Material to process section start
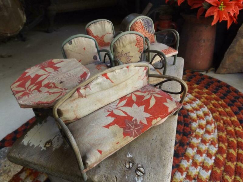 Primitive Vintage Deco Era Wicker Dollhouse Furniture Original Upholstery WOW!
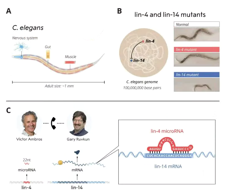 microRNA(miRNA)及其功能的發(fā)現(xiàn)可以追溯到20世紀(jì)80年代。當(dāng)時Ambros和Ruvkun博士還是麻省理工學(xué)院的博士后研究員,Ambros和Ruvkun對不同細胞類型的發(fā)育方式很感興趣,他們在研究lin-4和lin-14基因如何調(diào)節(jié)秀麗隱桿線蟲(C.elegans)的發(fā)育時間。想要了解lin-4基因突變?nèi)绾巫柚剐沱愲[桿線蟲幼蟲發(fā)育成完全成形的動物?lin-14基因突變又是如何導(dǎo)致幼蟲過早成熟的?
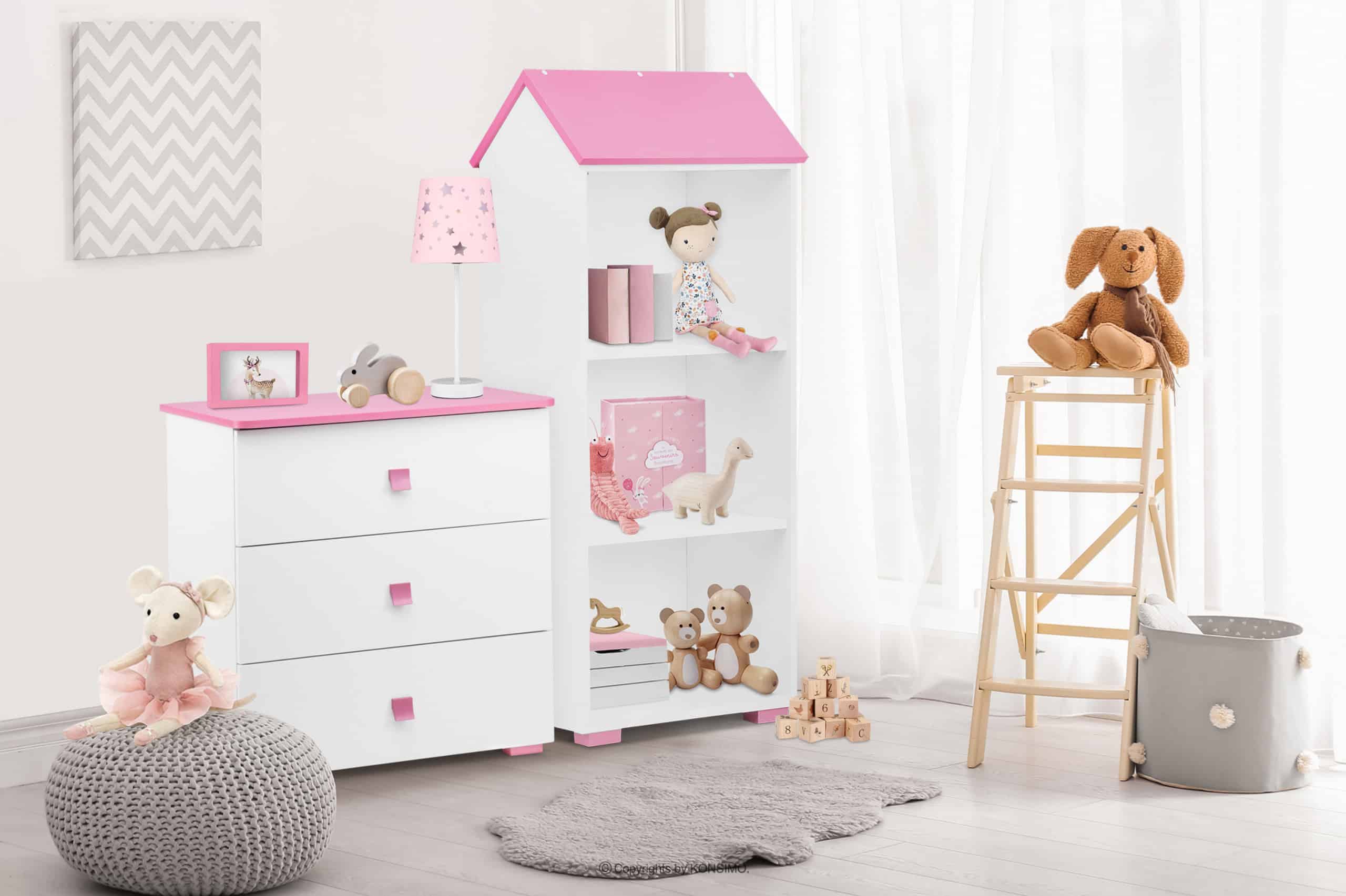 Detská knižnica z kolekcie PABIS, navrhnutá s ohľadom na potreby tých najmenších, spĺňa vysoké bezpečnostné požiadavky. Vďaka použitiu hrubého plechu a dodatočnému vystuženiu zadnej steny si zachováva stabilitu za všetkých okolností. ABS hrany a skosené hrany zaručujú ochranu pred zranením pri nečakanom kontakte s nábytkom. Biela knižnica PABIS so strieškou je vybavená tromi pohodlnými policami - zmestia sa do nich knihy, hračky a ďalšie prvky vybavenia detskej izby.
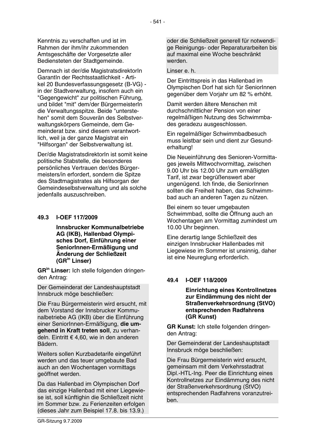 einer SeniorInnen-Ermäßigung, die umgehend in Kraft treten soll, zu verhandeln. Eintritt € 4,60, wie in den anderen
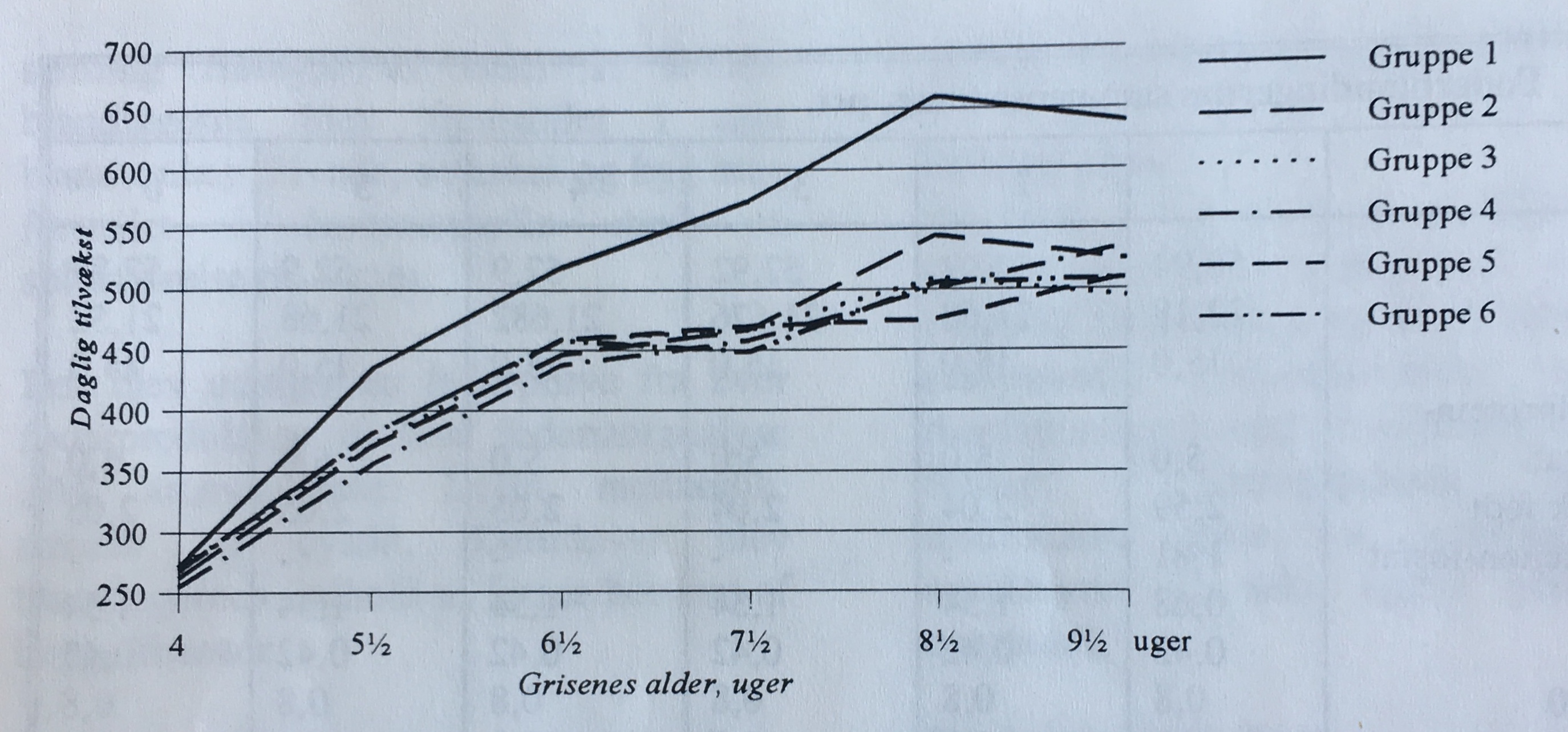 Vækstkurverne for de seks grupper fremgår af figur 1. Dette viser, at den reducerede fosfortildeling i grupperne 2-6 har en øjeblikkelig negativ effekt på grisenes daglige tilvækst. Foder, der kun indeholder de anvendte råvarers naturlige indhold af fosfor, er ikke tilstrækkeligt til at sikre maksimal produktion. Dette blev ligeledes fundet af Poulsen (1994) hos ung- og slagtesvin.
Material to process section end
__Assigned task__
Skip the pictures and quote each line of the entries above, from the first through the line with "microRNA(miRNA", exactly as it appears.

__Output for this exercise__
 Primitive Vintage Deco Era Wicker Dollhouse Furniture Original Upholstery WOW!
 microRNA(miRNA)及其功能的發(fā)現(xiàn)可以追溯到20世紀(jì)80年代。當(dāng)時Ambros和Ruvkun博士還是麻省理工學(xué)院的博士后研究員,Ambros和Ruvkun對不同細胞類型的發(fā)育方式很感興趣,他們在研究lin-4和lin-14基因如何調(diào)節(jié)秀麗隱桿線蟲(C.elegans)的發(fā)育時間。想要了解lin-4基因突變?nèi)绾巫柚剐沱愲[桿線蟲幼蟲發(fā)育成完全成形的動物?lin-14基因突變又是如何導(dǎo)致幼蟲過早成熟的?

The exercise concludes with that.